» **THE INPUT**:

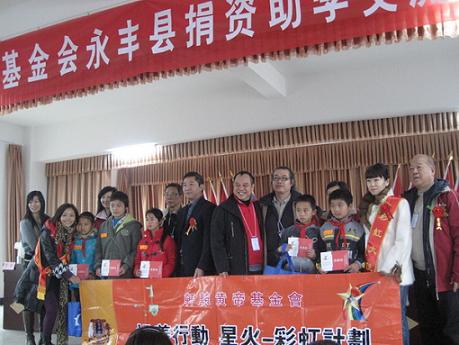 香港龍山基金會(huì)屬于非營利性慈善組織,由江西省港澳區(qū)政協(xié)委員鄧國容先生會(huì)同有識(shí)之士創(chuàng)建,多年來該基金會(huì)一直關(guān)注永豐縣教育事業(yè)、關(guān)注永豐縣貧困學(xué)生。星火——彩虹計(jì)劃是由龍山基金會(huì)和軒轅黃帝基金會(huì)聯(lián)手創(chuàng)辦的助學(xué)扶貧計(jì)劃,主要是扶持江西省革命老區(qū)、少數(shù)民族地區(qū)及貧困山區(qū)的文教事業(yè)。自2004年起,星火——彩虹計(jì)劃已經(jīng)組織了多次“贛港心連心”江西訪問交流團(tuán)來該縣開展捐資助學(xué)活動(dòng)。累計(jì)已援建龍岡畬族鄉(xiāng)中心小學(xué)教學(xué)樓、瑤田鎮(zhèn)三灣小學(xué)軒轅黃帝教學(xué)樓、八江鄉(xiāng)高家小學(xué)軒轅黃帝教學(xué)樓、潭頭鄉(xiāng)楊梅江小學(xué)白求恩教學(xué)樓,資助金額42萬元;資助全縣21個(gè)鄉(xiāng)鎮(zhèn)貧困學(xué)生400人次,資助金額12萬元;捐助教學(xué)用品及學(xué)生學(xué)習(xí)、生活用品折合人民幣達(dá)5萬多元。
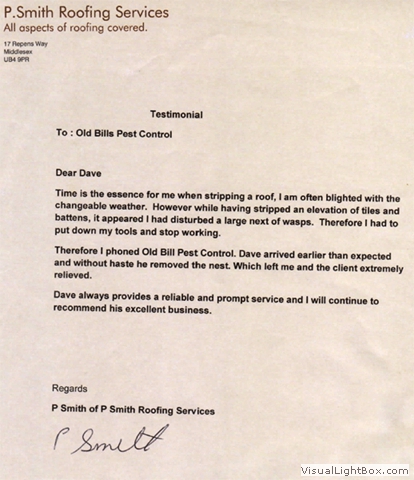My thanks to Old Bills Pest Control for such excellent customer service and, obviously, I cannot recommend them highly enough!
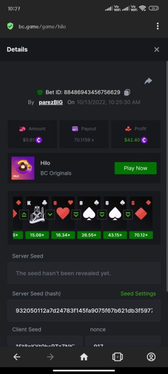 5. Bounty Bet ID: 108716260895752417 https://bc.game/#/sd/111F0VJCODM9LF
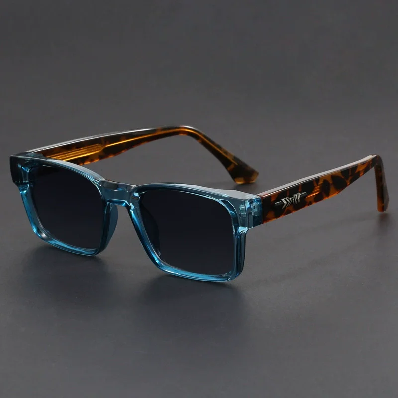 Fashionable Retro Square Black and Leopard Print Full Frame Anti-Uv Sunglasses for Men Japanese Simple Literary Style Shades
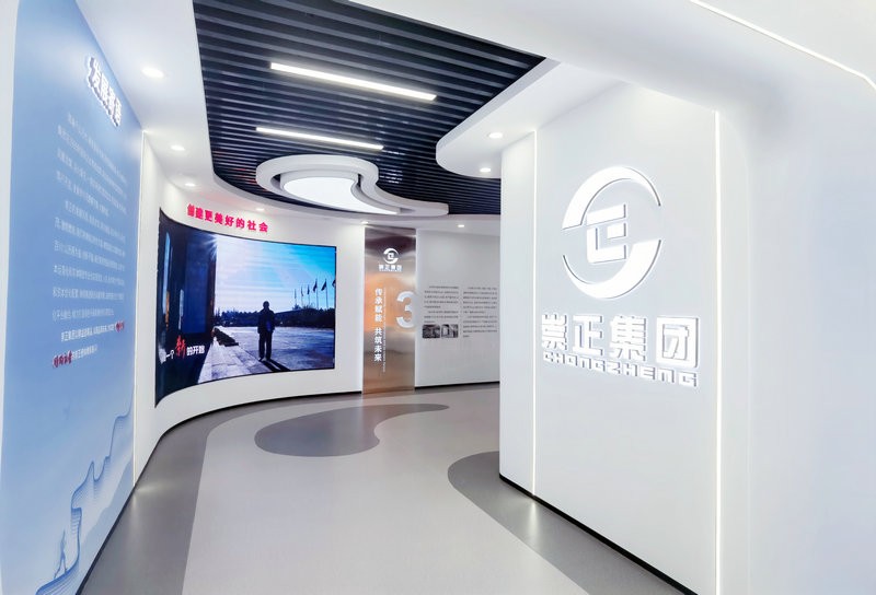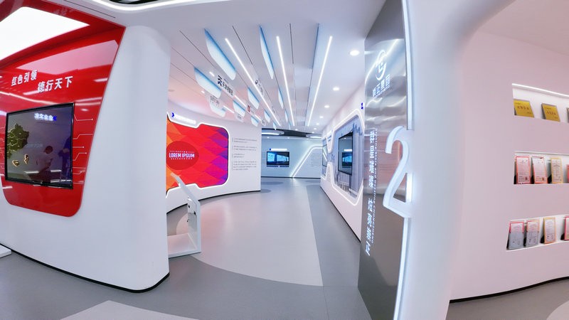 展廳中多處運(yùn)用電子互動(dòng)大屏放映企業(yè)專題片,并且將展廳墻體直角部分改為弧形,與曲面屏呼應(yīng)的同時(shí)增強(qiáng)了空間的整體流動(dòng)性。展廳運(yùn)用統(tǒng)一基礎(chǔ)標(biāo)準(zhǔn)色調(diào),使得整個(gè)展廳風(fēng)格更加統(tǒng)一。在頂部運(yùn)用線性燈與筒燈進(jìn)行融合照明,提升視覺美感。
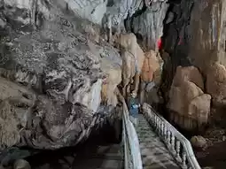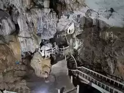 When you reach the front of the cave, there will be another resting point. When we walk into the cave, there will be a fork in the road, an entrance and an exit that connect to each other. There is a bridge connecting each point. In the cave tunnel, there are stalactites and stalagmites that sparkle.
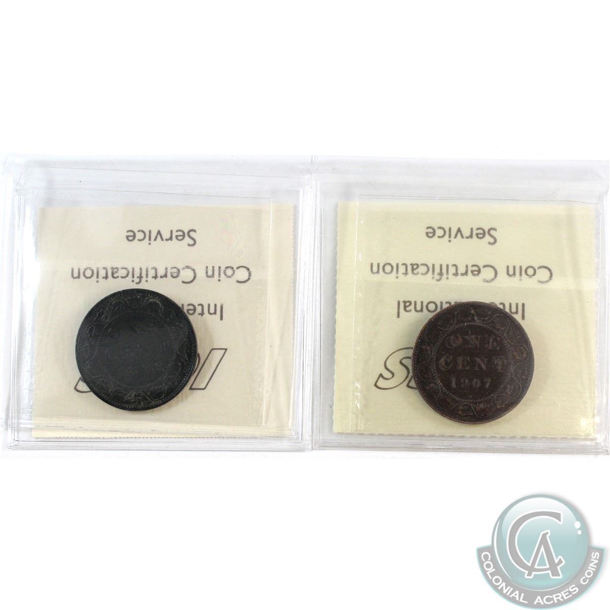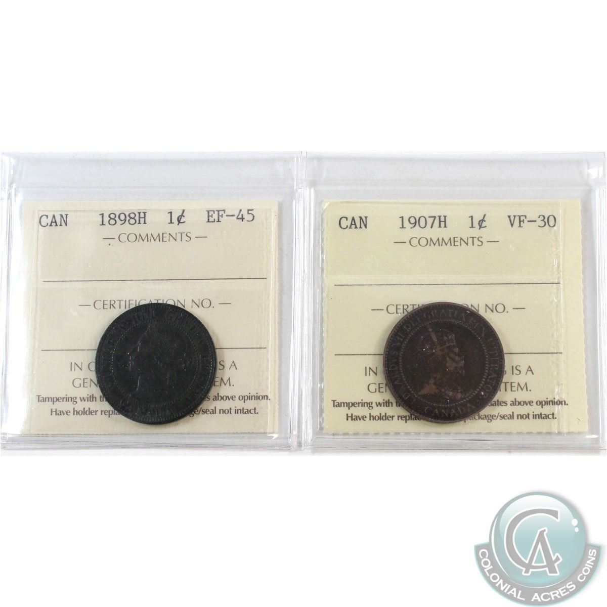 1898H Canada 1-cent EF-45 & 1907H Canada 1-cent VF-30. Both coins have been certified by ICCS. 2pcs.
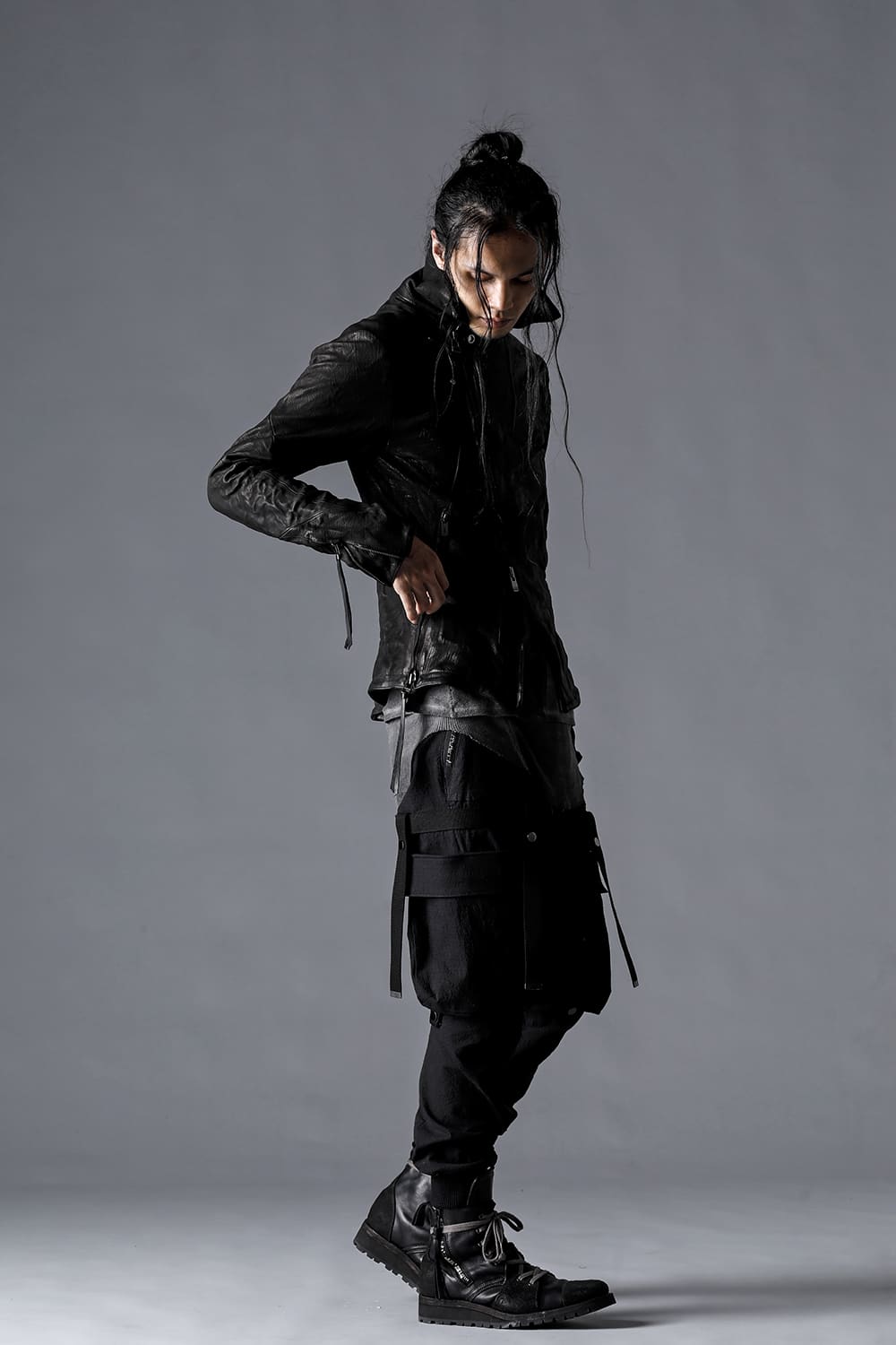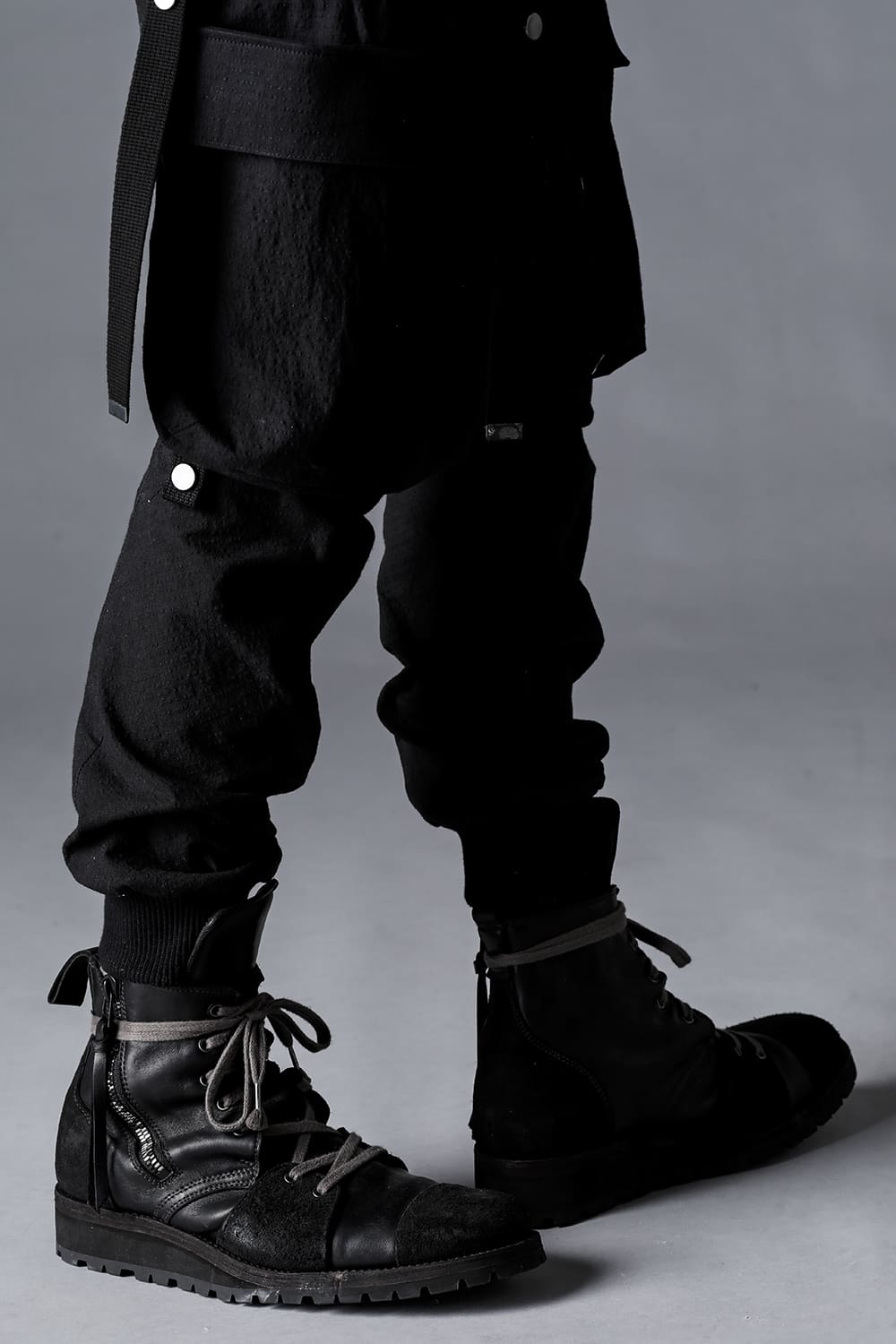 Slim, drop-crotch silhouette with deep inseam and detachable gusseted volume cargo pockets.
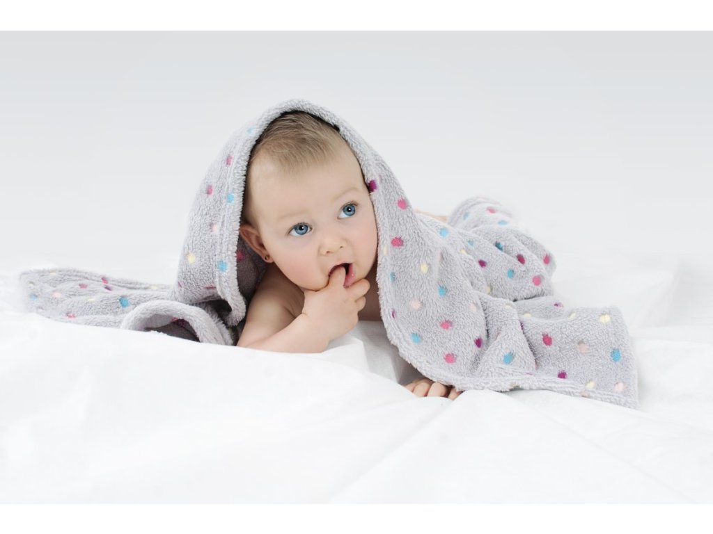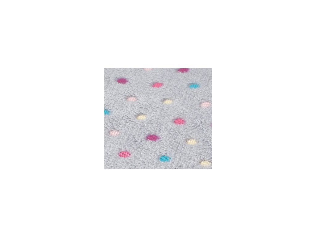 Egy puha szürke plüss takaró színes pöttyökkel 75x100 cm méretben melegít és simogat. Alkalmas babakocsiba vagy csak a baba takarására. Ennek az anyagnak a puhasága meleg és sűrű halmozódást okoz a felhasznált anyagból.
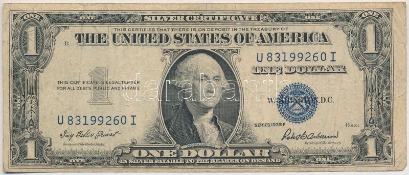 Amerikai Egyesült Államok 1957-1961. (1935F) 1$ "Silver Certificate - kisméretű", kék pecsét, "Ivy Baker Priest - Robert Bernard Anderson" T:III

» **YOUR TASK**: Reproduce, word for word, only the lines in the records above from the line with "Fashionable Retro Square" through the line with "展廳中多處運(yùn)用電子", including both ends; omit the pictures.

» **RESULT OF THIS EXERCISE**:
 Fashionable Retro Square Black and Leopard Print Full Frame Anti-Uv Sunglasses for Men Japanese Simple Literary Style Shades
 展廳中多處運(yùn)用電子互動(dòng)大屏放映企業(yè)專題片,并且將展廳墻體直角部分改為弧形,與曲面屏呼應(yīng)的同時(shí)增強(qiáng)了空間的整體流動(dòng)性。展廳運(yùn)用統(tǒng)一基礎(chǔ)標(biāo)準(zhǔn)色調(diào),使得整個(gè)展廳風(fēng)格更加統(tǒng)一。在頂部運(yùn)用線性燈與筒燈進(jìn)行融合照明,提升視覺美感。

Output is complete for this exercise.